On Tue, May 1, 2012 at 9:10 AM, Richard Weait <rich...@weait.com> wrote:

> The previous bots were shouted down and all took the approach of
> finding things to change, then changing them.  This sounds like a
> similar approach.

That is not the case. In one of the bots, one error was found, and the
author decided not to continue. I don't think either of us knows about
the others.

> Is there any benefit to finding the subtle, problematic abbreviations
> and highlighting them for manual intervention?

We're not talking about all abbreviations, but rather just:

1. Abbreviations in the TIGER dataset (not ones entered manually).

2. A limited set of abbreviations set in the dataset, which discusses
road "type"- that is Road, Lane, Parkway, etc. We're not talking about
expanding other possible expansions or making other automated
corrections.

>  Sort of an error
> overlay in the OSMI style, that highlights future expansion problems?

There are things that computers are bad at that people are good at,
and there are things computers are good at which people are bad at.
Computers are good at making set changes to data. They're better and
faster at it than any human.

The other point that's being missed is that we as a community already
accept an error rate in our data that's far larger than any potential
mistake rate on a well written script. If the script makes one error
in 1000 streets, it will be doing a better job than a vast majority of
manual mappers, and like manual mappers, they can be corrected.

The only reason to introduce an overlay is when the problem is not
easily solvable by computer, then we introduce augmented tools.
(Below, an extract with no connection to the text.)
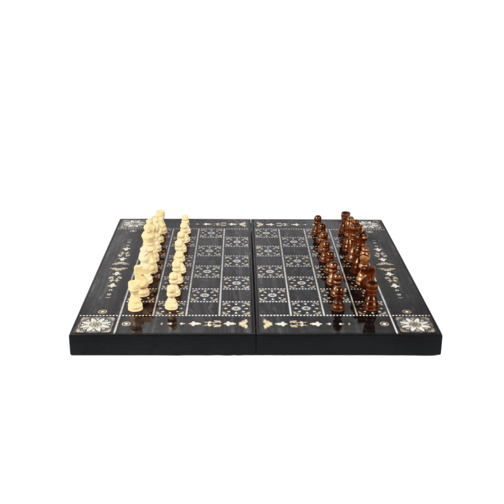 Wooden Pearl Design Chess & Backgammon Set 19 Inch

But
it's a waste of human effort to have people like me spending hours (as
I have done) going through and manually typing "Road" over ways.
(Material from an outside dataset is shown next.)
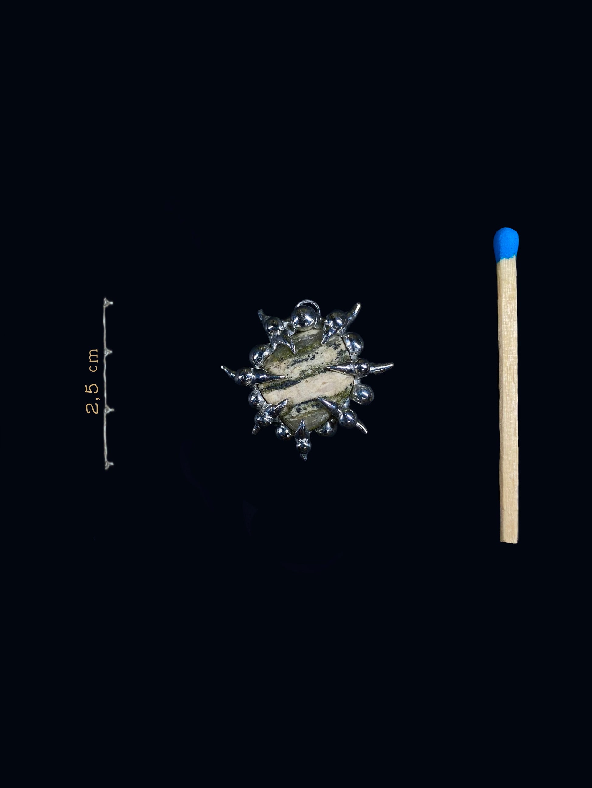A one-of-a-kind Gneiss pendant, handcrafted using a rare soft soldering technique.

Add to that that we're not talking about a small number of streets,
but in fact the vast majority (>99%) of streets in the densest part of
the US, the East Coast, moving toward the Center (since the West Coast
has already been fixed).

> Many contributors wrote:
>
> "Yay!  I can haz 'Bots pleez!?!?"  :-)

Richard, I think you're capable of making your point without being
demeaning, please prove me right in your next email.